The Creation of a New Me
September Creative Humans Prompt: Creating as a Child
My father was a voracious reader, a book always beside his Laz-Z-Boy recliner. My two older sisters did not inherit his reading gene. But, I did.
Reading was like breathing to me. I didn’t think it special or unusual although I knew I did more of it than my sisters, who did almost none, and more than most of my friends. It simply was what my father and I did, no different than the bowls of ice cream he and I craved.
My mother died when I was an infant. I had a stepmother long enough for her and my father to produce a daughter, my father’s fourth, and then she and my baby sister moved far away. My father, raising three daughters and running a business, only had enough leisure time for reading, but I knew, and I’m not sure how I knew, that he was a good writer. The only memory I have of reading anything he wrote was when my older sister’s father-in-law passed and my father wrote a stirring and compassionate letter to her mother-in-law, a woman who never completed high school and didn’t understand most of his flowery language. But, I did. I read the letter and cried because it was so touching.
My writing gene was stirred when I was ten years old. I was reading Rebecca of Sunnybrook Farm by Kate Douglas Wiggin and felt inspired by the poetic chapter titles, names like A Difference in Hearts, Wisdom’s Ways, Color of Roses, and Gray Days and Gold. I took a pencil and paper and began writing poems based on each of the chapter titles. Once each chapter was a poem, I stopped writing and didn’t start again until I was twelve.
Our class assignment was to write an essay about Christmas. I ignored the word essay and wrote a poem instead, hoping it would be accepted by my teacher who demanded strict obedience to instructions. She loved it — all 20 verses of it. Loved it enough to have me read it to each class in our school.
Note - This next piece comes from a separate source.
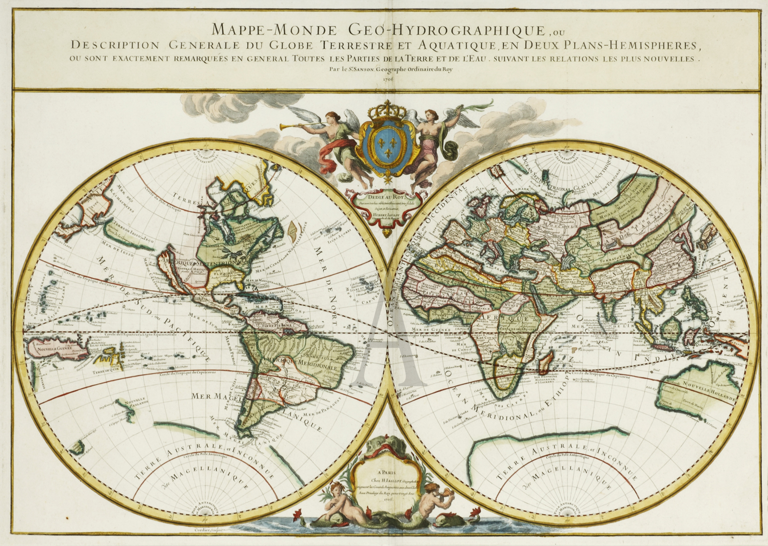 Elegant double-hemisphere world map with a dedication to the Sun King, Louis XIV, by Hubert Jaillot, featuring two decorative cartouches at the top and bottom. Centre left is the figure of Pheme, the goddess of fame and on the right is Nike the Goddess of strength, speed and victory, both holding the French Royal Arms of France Moderne . The lower cartouche features Jaillot’ royal privilege and is bordered on the right by the figure of Triton, a fish-tailed sea god who was the son of Poseidon, king of the seas. Triton stilled the waves with the blow of a conch-shell while to the left is the goddess Aphrodite Derceto represented as a mermaid holding a fish as a symbol of the fertility and life of water. The map was engraved by Louis Cordier with the geographical information provided by Nicholas Sanson, Geographer to the King, and widely considered to be the father of French cartography. Jaillot played an important role in continuing Sanson’ legacy. Following Sanson’ death in 1667, the business was inherited by his sons Adrien and Guillaume who partnered with Jaillot and his contemporary Pierre Duval to publish Sanson’ maps. The first such publication was Jaillot’ Atlas Nouveau of 1692. The map shows Australia according to Tasman’ first and second voyages 1642-44 and includes the earlier Dutch discoveries made by Houtman 1619, van Leeuwin 1622, Nuyts 1627 and de Wit 1628. The Trial Islands 1622 are also included but incorrectly placed. California is shown as an island. The first state of this map was published in Jaillot’ Atlas Francois of 1695. In the early states, the last digit of the date was not engraved and was intended to be entered in manuscript. The geography of the map shows no distinct changes from Jaillot’ world map of 1674 but the decorative cartouches between the hemispheres are very different. This is a later state of this map, issued in 1706 and dated as such on the engraving plate. The later editions are also known for the inclusion of the words ‘ de sa Majest�’ which appears beneath Jaillot’ inscription in the dedication. References: Shirley 569, ill.pl.392 (1695).

Other than those chapter poems when I was ten, I only wrote when assigned. My papers and poems received high marks and praise, but I never thought of my writings as creative — I suppose because they were assigned as work and because writing was required in school. Music wasn’t required. Art wasn’t required. So, those things, in my mind, were creative. What I did was simply schoolwork. I wasn’t creative; I was a good student.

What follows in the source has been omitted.